Biyologlar bu kanserle ilk olarak 90ların sonlarında karşılaşmışlardı. Tümör, Canavarın yüzünde veya ağzının içinde büyüyor, 6 ay içinde de Canavar hayatını kaybediyor. İlk ölümler Tazmanya’nın doğusunda görülmüştü ve yıllar geçtikçe kanserin yayılım alanı batıya doğru genişledi.
Bilim adamları tümörlü hücreleri incelediklerinde şaşırtıcı bir sürpriz ile karşılaştılar. Her bir tümörden alınan DNAlar, tümörün geliştiği Tazmanya Canavarının DNAsı ile eşleşeceğine, diğer Canavarlardaki tümörlerle eşleşiyordu.
Bunun tek bir anlamı vardı: Kanser, bulaşıcıydı ve bir hayvandan diğerine kolayca geçiyordu!
Normalde kanser, canlılar arasında yayılım göstermez. Yani bulaşıcı değildir. Bir insanın tümörlü organlarından organ nakli yapılmış ve bu yüzden kanser olmuş olan insan vakası bile literatürde oldukça az. Doğada bulaşıcı olduğu bilinen diğer tek kanser türü ise köpeklerde bulunan bir kanser tipi.
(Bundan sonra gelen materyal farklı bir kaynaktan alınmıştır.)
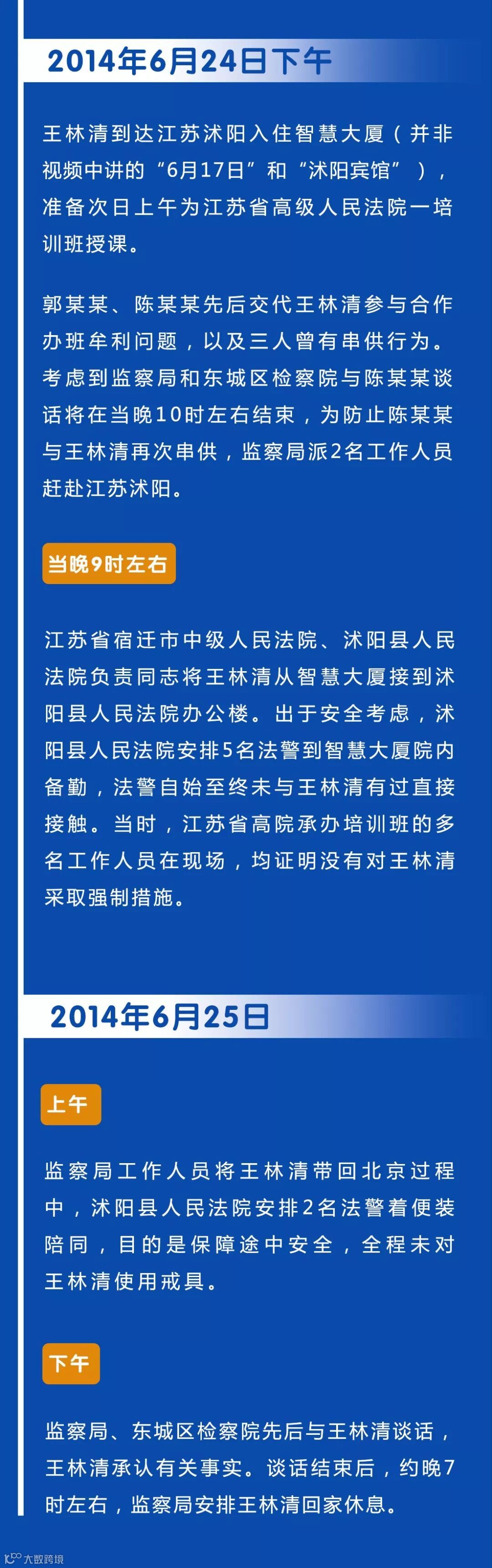 2014年6月下旬,监察局与最高法院机关参与培训班授课的部分法官(包括王林清)谈话了解情况,与王林清两次谈话时,王林清承认参与授课,但否认与陈某某、郭某某有其他经济往来。6月24日下午,王林清到达江苏沭阳入住智慧大厦(并非视频中讲的“6月17日”和“沭阳宾馆”),准备次日上午为江苏省高级人民法院一培训班授课。

Kanserin hızlı yayılımının altında yatan sebep, Tazmanya Canavarları’nın tipik davranışları:
Tazmanya Canavarları sıklıkla birbirleriyle kavga ediyorlar ve bu kavgalar esnasında birbirlerinin yüzünü ısırıyorlar. Bu dövüşler esnasında Canavar bazen bir diğerinin tümörünü ısırabiliyor ve tümörlü hücreler saldıranın kan dolaşımına, oradan da yüzüne geçebiliyor. Bu sayede yüzünde bir tümör gelişiyor.
Normalde bir Tazmanya Canavarından alınan doku grefti diğer bir Tazmanya Canavarı’na nakledildiğinde, alıcı Tazmanya Canavarı’nda red reaksiyonu görülüyor. Yani Tazmanya Canavarları birbirlerinin dokularını yabancı olarak kabul ediyorlar.
Peki öyleyse niçin, diğer Tazmanya Canavarlarında gelişen bu kanserli hücreleri de yabancı olarak görüp öldürmüyorlar?
Bilim adamları, bunu kanser hücrelerinin kendilerini kamufle etme kabiliyetine bağlıyorlar.
Hükumet, hayvanat bahçelerinde ve hayvan barınaklarında 500’e yakın Tazmanya Canavarı’nı koruma altına aldı. Ancak bu hayvanların, yeniden tabiata bırakılamayacak kadar evcilleşme ihtimalleri var.
“Vahşi” Tazmanya Canavarlarının korunmasını amaçlayan Maria Adası Programı, bu açıdan büyük önem taşıyor.